This novel also recounts a day and another day ten years later in the life of a family, the Ramsays with their six children, in the Hebrides. The homoerotic content takes the form of the relationship between Lily, a guest at the summer house, and Mrs. Ramsay, who both is and isn't a figure for the mother.

Mrs. Ramsay once again represents the hostess who views Lily in terms of an inferior version of femininity, not beautiful, not marriageable, whose paintings hold no interest for her, or potentially anyone else.

Lily needs Mrs. Ramsay as the lost maternal figure whose recovery remains essential to the production of art and yet whose renunciation must be complete if a woman is to actually become an artist.

Again the language is highly eroticized:

Could loving, as people called it, make her and Mrs. Ramsay one? for it was not knowledge but unity she desired, not inscriptions on tablets, nothing that could be written in any language known to men, but intimacy itself, which is knowledge, she had thought, leaning her head on Mrs. Ramsay's knee.

The novel also contains two minor characters, two of the Ramsays' children, a daughter who imagines Constantinople when another woman about to become engaged holds her hand, and a son who becomes the mourned love object of the poet Mr. Carmichael, when he receives news of his death on the battlefield.

Between the Acts

In her final novel, Between the Acts (1941), Woolf represents her protagonist, Miss La Trobe, as not only a more successful artist than Lily Briscoe but also as an avowed lesbian:

Since the row with the actress who had shared her bed and her purse the need of drink had grown on her. And the horror and the terror of being alone. One of these days she would break--which of the village laws? Sobriety? Chastity? Or take something that did not properly belong to her?

Reminiscent of Miss Killman, the more openly lesbian, the more socially deviant the character becomes. And yet she is also the author and producer of a literary historical pageant held yearly at a country house, where it remains unclear whether the audience or the actors are those enacting a performance, and where every person is simply an assumed part, the most worn-out being that of the heterosexual couple.

Orlando

A similar retelling of literary history as parody structures Orlando, the work that has most contributed to Woolf's reputation as a lesbian writer. Subtitled "A Biography," it attempts to revolutionize the genre by telling the life of Orlando who lives for three hundred years--from Queen Elizabeth I's reign to the present day (October 11, 1928).

Sometime during the eighteenth century, while ambassador to Turkey, Orlando changes from a man into a woman, although the sex of the original love object, Sasha, remains unchanged:

though she herself was a woman, it was still a woman she loved; and if the consciousness of being of the same sex had any effect at all, it was to quicken and deepen those feelings which she had had as a man.
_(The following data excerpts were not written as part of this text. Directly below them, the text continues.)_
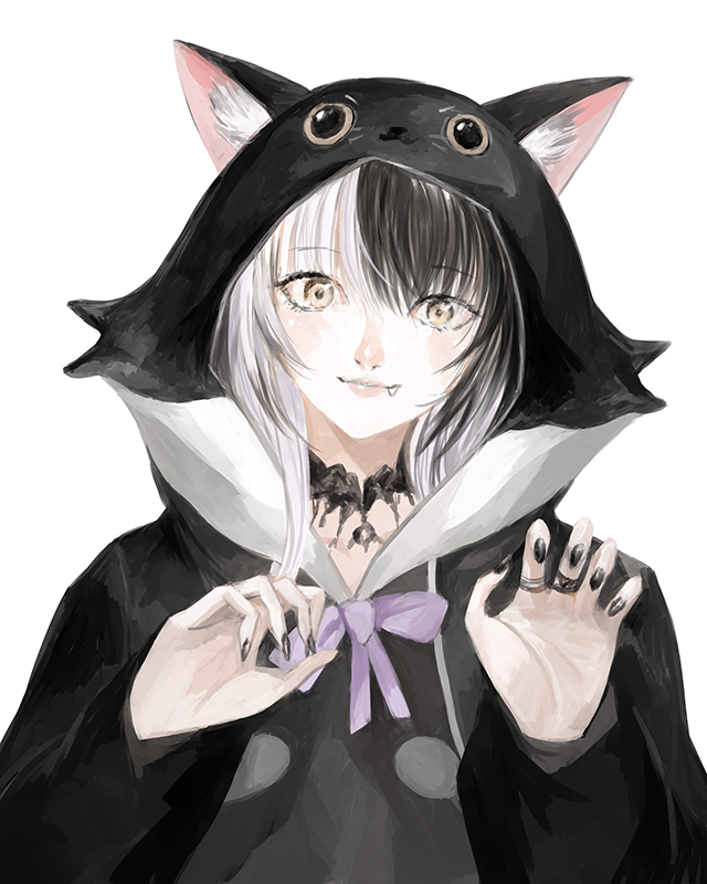 1girlanimal costumeblack chokerblack hairblack nailscat costumechokerclosed mouthfanghands uphoodhood upjewelrylong hairlooking at viewermulticolored hairpolyanthusonlyringsimple backgroundsolosplit-color hairtwo-tone hairvirtual youtuberwhite backgroundwhite hairyellow eyes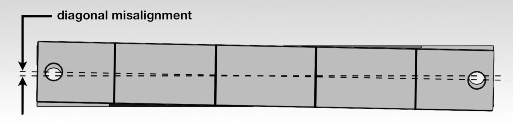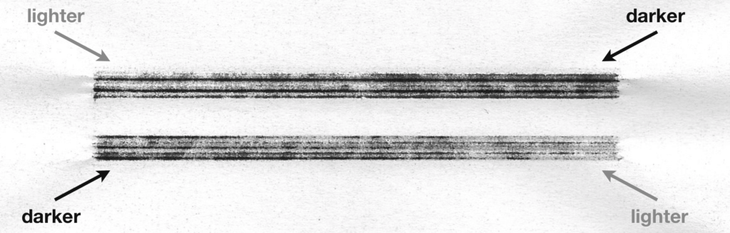 This next example displays less severe diagonal misalignment; the impression is lighter on the upper left and lower right, and darker on the lower left and upper right.
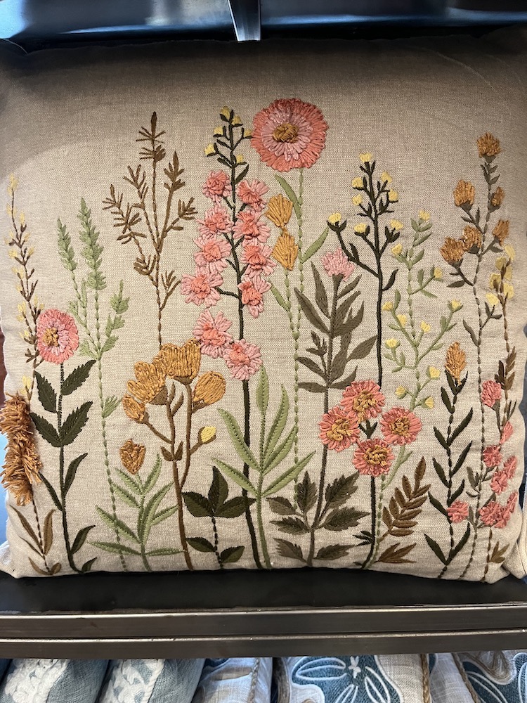 There were also lovely hand embroidered pillows, and a remarkable collection of baskets. Just a reminder–both baskets and handwoven tapestry can still only be made by hand. There are no machines that can weave tapestry or baskets.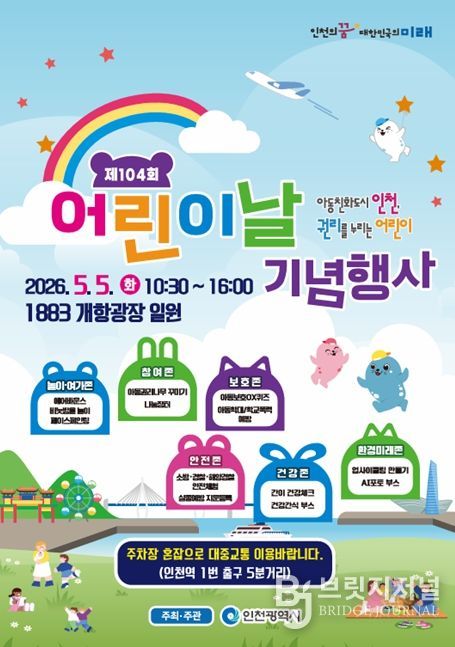 브릿지저널 김경미 기자 | 인천광역시는 제104회 어린이날을 맞아 어린이의 권리 존중과 참여 확대를 위한 기념행사를 오는 5월 5일 오전 10시 30분부터 오후 4시까지 중구 북성동 ‘1883 개항광장 일원’에서 개최한다고 밝혔다.
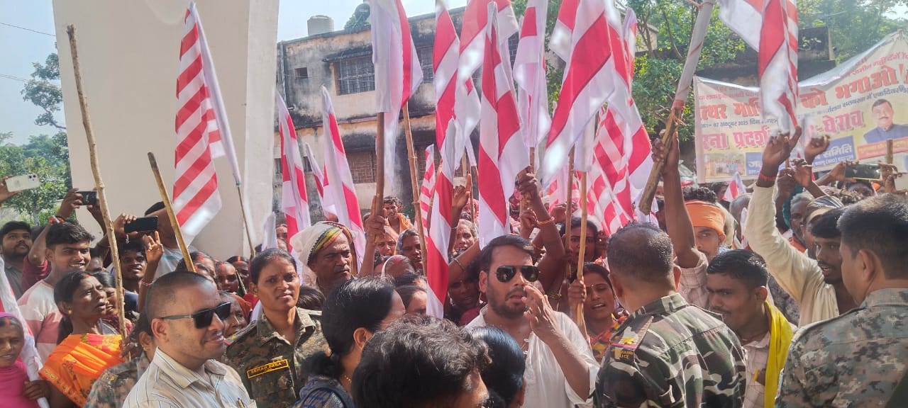 सैकड़ों ग्रामीणों ने सरना झंडा लेकर जल–जंगल–जमीन बचाओ का नारा लगाया ।81 वर्षीय शिवराज सिंह ने आखिरी सांस तक जंगल बचाने की प्रतिज्ञा ली ग्राम सभा की फर्जी प्रक्रिया की जांच और लीज रद्द करने की मांग।मुख्यमंत्री के नाम ज्ञापन सौंपा गया।संघर्ष समिति का नारा पेड़ बचाओ, पहाड़ बचाओ,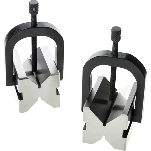 Numbered and matched V-Block Pairs with Clamps are precision ground for accuracy. DIN 2274 grade 2. 0.0004" accuracy. 2" x 1-1/2" x 1-1/2". 1-1/2" Capacity.
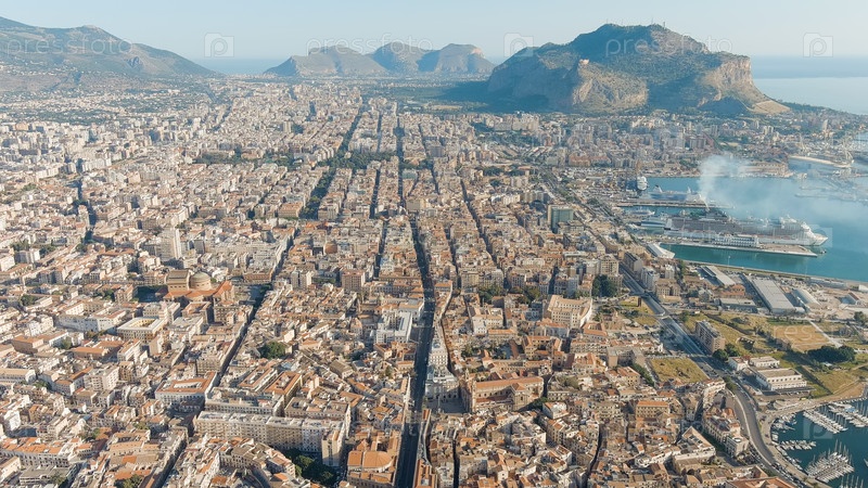 Палермо, Сицилия, Италия. Панорамный вид, Лето. Палермо - портовый город, столица итальянского острова Сицилия, вид с воздуха

For now a thousand hints and mysteries became plain to her that were then dark.

As a woman, the character continues to cross-dress although she eventually marries and bears a child.

Yet the most important relationship in the novel remains the one between Orlando and the biographer, who frequently enters the text to discuss how difficult it is to adhere to the conventions of biography. One such convention assumes that the person being written about is dead.

Vita, who posed for several of the photographs that accompany the text, was delighted with what Woolf had written. On her first reading, she writes in a letter, "you have invented a new form of Narcissism,--I confess,--I am in love with Orlando--this is a complication I had not foreseen" (October 11, 1928).